Education Minister Kirsty Williams has accepted the main recommendations in a IWPRB report which also proposes further enhancements to teachers in Wales who will receive the same increase as those in England.
Under the IWPRB recommendations, the starting salaries for new teachers will be increased by 8.48%, the 3.1% overall increase for the teachers’ pay bill in Wales
There will be a 3.75% pay rise for teachers on the Main Pay Scale and an end to performance-related pay progression, the IWPRB also recommends the reintroduction of national pay scales.
It’s the second year the Education Minister has received advice on teacher pay from the IWPRB.
Kirsty Williams said: ““These proposed changes will help enable the development of a distinct national system that is fairer and more transparent for all teachers in Wales.
“This is only the second year since these powers were devolved and it is already clear that the approach here in Wales is developing very differently to that adopted previously.
“A number of important issues have also been addressed, including the introduction of experience based pay progression and national statutory pay scales; both improvements that the workforce have been calling for.
The Minister has also proposed a 2.75% pay raise for head teachers, deputy and assistant heads, unqualified teachers and leading practitioners, as well as teacher allowances – which is greater than the 2.5% recommended by IWPRB.
The proposed starting salary for new teachers will increase to over £27,000 pa.

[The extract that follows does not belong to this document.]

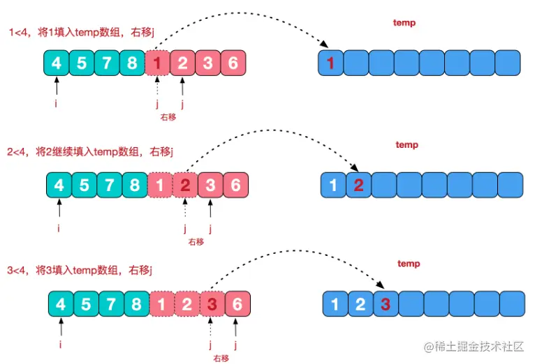 上图中的最后一次合并,要将[4,5,7,8]和[1,2,3,6]两个已经有序的子序列,合并为最终序列[1,2,3,4,5,6,7,8],下图是合并的流程(最后一次合并流程,前面n次合并流程也是一样的)

Teachers on the Main Pay Range receive at least a 3.75% rise and teachers on the Upper Pay Scale receive at least a 2.75% rise.

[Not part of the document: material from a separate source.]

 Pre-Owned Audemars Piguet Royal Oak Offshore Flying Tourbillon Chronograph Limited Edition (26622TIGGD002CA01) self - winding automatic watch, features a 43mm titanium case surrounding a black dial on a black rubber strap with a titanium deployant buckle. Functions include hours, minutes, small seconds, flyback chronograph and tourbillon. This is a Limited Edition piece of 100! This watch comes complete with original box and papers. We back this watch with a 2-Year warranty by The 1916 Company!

A new statutory five point pay scale would also be introduced, so new teachers would advance to the maximum of the Main Pay Range in four years – a year quicker than has previously been the case.
Kirsty Williams said: “I would like to reemphasise our determination to promote teaching as a profession of choice for graduates and career changers.
“I believe these changes to pay and conditions will continue to attract high quality teachers to the profession in Wales.”
Welsh Conservative Shadow Minister for Education, Skills and the Welsh Language, Suzy Davies MS, had called for clarity over teachers’ pay after it was announced that teachers in England would be receiving a 3.1% pay rise this year.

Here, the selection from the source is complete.